TASK INSTRUCTIONS: Skipping each picture, output the entries exactly as they stand below.

DATA EXCERPTS:

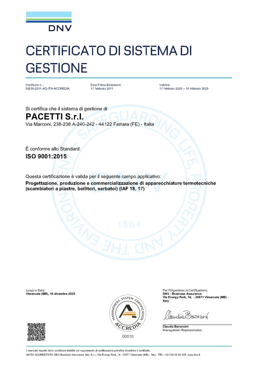 La certificazione di conformità alla Direttiva PED 2014/68/UE, allegato III modulo D1, garantisce la qualità del processo di produzione ed il rispetto dei requisiti essenziali di sicurezza, permettendo l’immissione sul mercato di scambiatori marcati CE, idonei ad essere installati anche in applicazioni con pressioni di esercizio elevate.
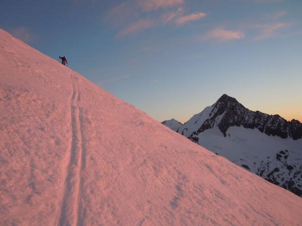 Frühmorgends auf hartem Schnee aufs Gross Wannenhorn. Im obersten Teil sind Harscheisen von Vorteil da es doch recht eisig ist. Die Abfahrt im oberen Teil dannauch recht ruppig, weiter unten Pulverschnee. Anschliessend Aufstieg vom Rotloch in die Böàchilücke und via Galmihornhütte nach Münster. Skitragen ab 2009m.ü.M. Idealer Abfahrt ins Bächital und mit Taxi nach Reckingen.
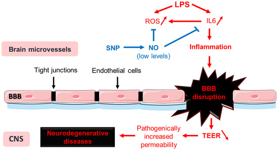 Inflammation is associated with BBB disruption in neurodegenerative diseases, making it a potential therapeutic target. NO is a crucial regulator of vascular function, but its effects are context-dependent, and the level of NO formation determines whether it has beneficial or deleterious effects. In our experimental model, LPS treatment led to an increase in ROS production and an inflammatory response, including activation of the JAK2/STAT3 pathway and the expression of pro-inflammatory markers like IL-6. SNP, an NO donor, reduces ROS production and IL-6 levels, potentially mitigating the inflammatory response (Figure 9). However, it does not prevent BBB disruption induced by LPS, leading to decreased TEER and altered expression of TJ proteins like claudin-5 and ZO-1. Also, the concentration of SNP used in this study did not significantly alter the adhesion of Raw 264.7 cells to bEnd.3 cells but showed a trend towards an increase. Our findings suggest that while SNP demonstrates some anti-inflammatory effects, these effects may not completely translate into direct protection of the BBB in our experimental conditions. Therefore, the potential use of SNP in neurodegenerative diseases, while not entirely ruled out, should undergo further in-depth investigation.
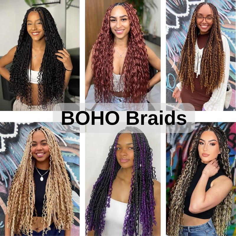 - Boho Braids are deeply loved by women and Girls.Bohemian Braids Can be Used for DIY Dressing Up, Party,Various Holiday Celebrations,In Addition,Knotless Box Braids,Goddess Braids,Ghana Braids and More Styles of Braids are Available for You to Choose
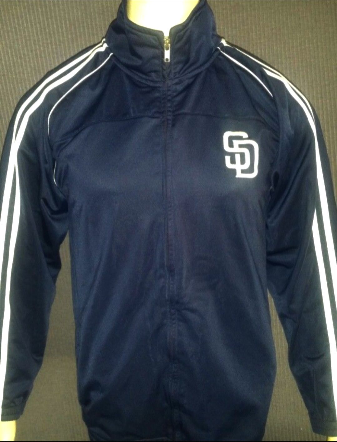 Retro San Diego Padres track jacket Y XXL Men S Women M Fits a men small size or woman small to medium size person too MLB Genuine Merchandise brand Great to wear around town or to a Padres game Excellent condition great price
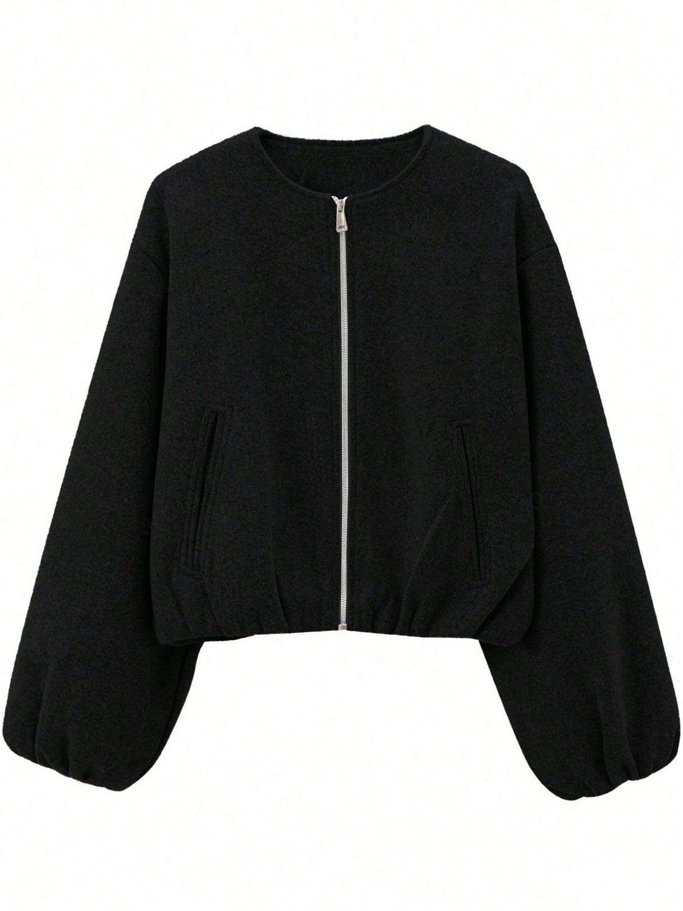 جاكيت بيسبول نسائي، جاكيت بومبر، تصميم عصري، ياقة دائرية، أكتاف منسدلة، أكمام واسعة، كارديجان بسحاب، ملابس خارجية
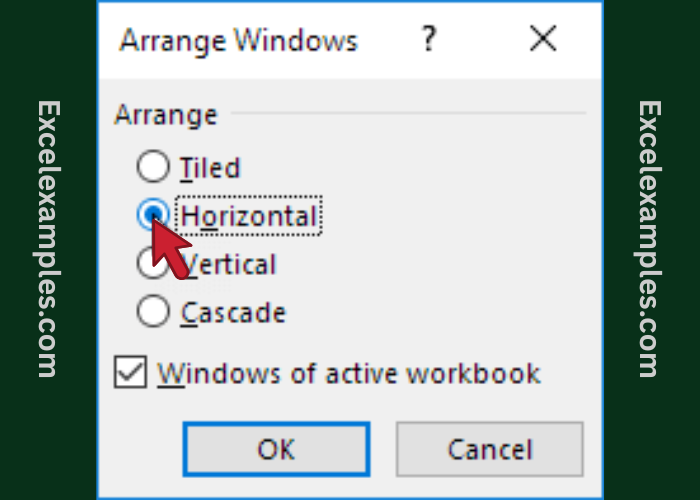 Excel will align the windows and enable Synchronous Scrolling by default.
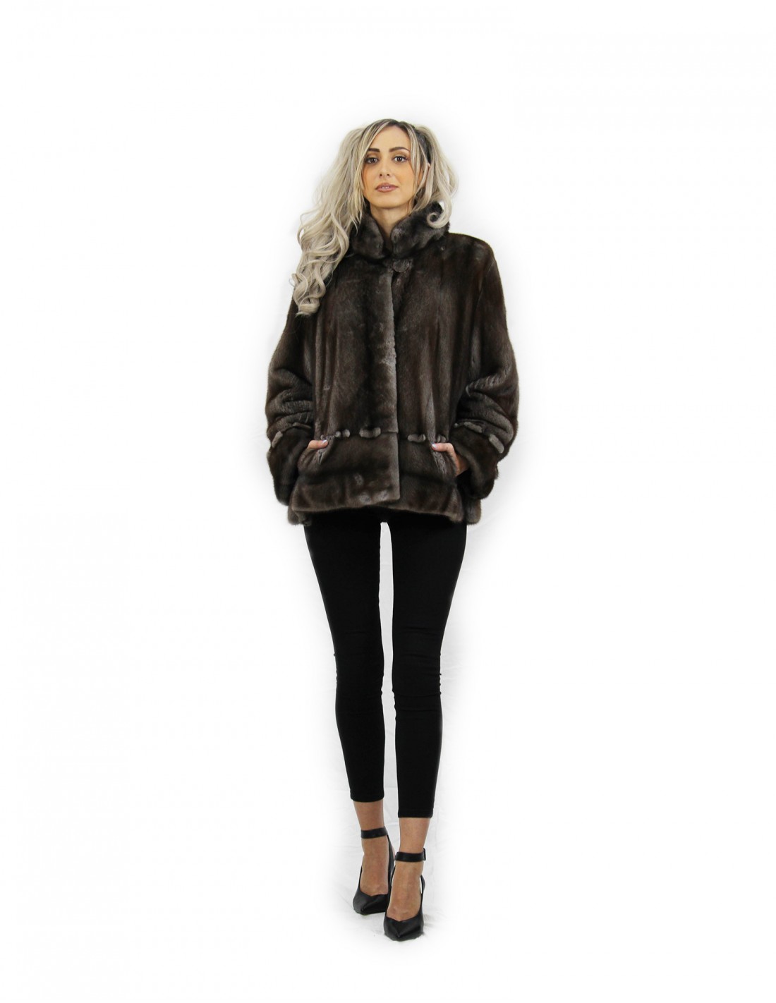 Nerzjacke mit ganzen Fellen. Unsere Nerzfelle werden in unseren Werkstätten hergestellt, daher eine einzigartige und exklusive Nerzjacke. Die Möglichkeit, unsere Pelze von höchster Qualität herzustellen, ermöglicht es uns, Vorschläge zu verschiedenen Preisen mit verschiedenen Anlässen zu immer günstigen Preisen zu machen. Darüber hinaus garantieren unsere Labore und unsere Kooperationen ein Nerzfell von unbestrittener Qualität, das zu 100% in Italien hergestellt wird. Die dafür verwendete Qualität des weiblichen Nerzfells ist eine Nerzjacke mit Fellen der Marke Kopenaghen Furs. Die Nerzpelzjacke kommt in Volllederverarbeitung, mit Außentaschen mit Hakenverschluss und koreanischem Kragen mit Zierknopf, lange Ärmel in Blaulichtfarbe.

OUTPUT FOR THIS TASK:
 La certificazione di conformità alla Direttiva PED 2014/68/UE, allegato III modulo D1, garantisce la qualità del processo di produzione ed il rispetto dei requisiti essenziali di sicurezza, permettendo l’immissione sul mercato di scambiatori marcati CE, idonei ad essere installati anche in applicazioni con pressioni di esercizio elevate.
 Frühmorgends auf hartem Schnee aufs Gross Wannenhorn. Im obersten Teil sind Harscheisen von Vorteil da es doch recht eisig ist. Die Abfahrt im oberen Teil dannauch recht ruppig, weiter unten Pulverschnee. Anschliessend Aufstieg vom Rotloch in die Böàchilücke und via Galmihornhütte nach Münster. Skitragen ab 2009m.ü.M. Idealer Abfahrt ins Bächital und mit Taxi nach Reckingen.
 Inflammation is associated with BBB disruption in neurodegenerative diseases, making it a potential therapeutic target. NO is a crucial regulator of vascular function, but its effects are context-dependent, and the level of NO formation determines whether it has beneficial or deleterious effects. In our experimental model, LPS treatment led to an increase in ROS production and an inflammatory response, including activation of the JAK2/STAT3 pathway and the expression of pro-inflammatory markers like IL-6. SNP, an NO donor, reduces ROS production and IL-6 levels, potentially mitigating the inflammatory response (Figure 9). However, it does not prevent BBB disruption induced by LPS, leading to decreased TEER and altered expression of TJ proteins like claudin-5 and ZO-1. Also, the concentration of SNP used in this study did not significantly alter the adhesion of Raw 264.7 cells to bEnd.3 cells but showed a trend towards an increase. Our findings suggest that while SNP demonstrates some anti-inflammatory effects, these effects may not completely translate into direct protection of the BBB in our experimental conditions. Therefore, the potential use of SNP in neurodegenerative diseases, while not entirely ruled out, should undergo further in-depth investigation.
 - Boho Braids are deeply loved by women and Girls.Bohemian Braids Can be Used for DIY Dressing Up, Party,Various Holiday Celebrations,In Addition,Knotless Box Braids,Goddess Braids,Ghana Braids and More Styles of Braids are Available for You to Choose
 Retro San Diego Padres track jacket Y XXL Men S Women M Fits a men small size or woman small to medium size person too MLB Genuine Merchandise brand Great to wear around town or to a Padres game Excellent condition great price
 جاكيت بيسبول نسائي، جاكيت بومبر، تصميم عصري، ياقة دائرية، أكتاف منسدلة، أكمام واسعة، كارديجان بسحاب، ملابس خارجية
 Excel will align the windows and enable Synchronous Scrolling by default.
 Nerzjacke mit ganzen Fellen. Unsere Nerzfelle werden in unseren Werkstätten hergestellt, daher eine einzigartige und exklusive Nerzjacke. Die Möglichkeit, unsere Pelze von höchster Qualität herzustellen, ermöglicht es uns, Vorschläge zu verschiedenen Preisen mit verschiedenen Anlässen zu immer günstigen Preisen zu machen. Darüber hinaus garantieren unsere Labore und unsere Kooperationen ein Nerzfell von unbestrittener Qualität, das zu 100% in Italien hergestellt wird. Die dafür verwendete Qualität des weiblichen Nerzfells ist eine Nerzjacke mit Fellen der Marke Kopenaghen Furs. Die Nerzpelzjacke kommt in Volllederverarbeitung, mit Außentaschen mit Hakenverschluss und koreanischem Kragen mit Zierknopf, lange Ärmel in Blaulichtfarbe.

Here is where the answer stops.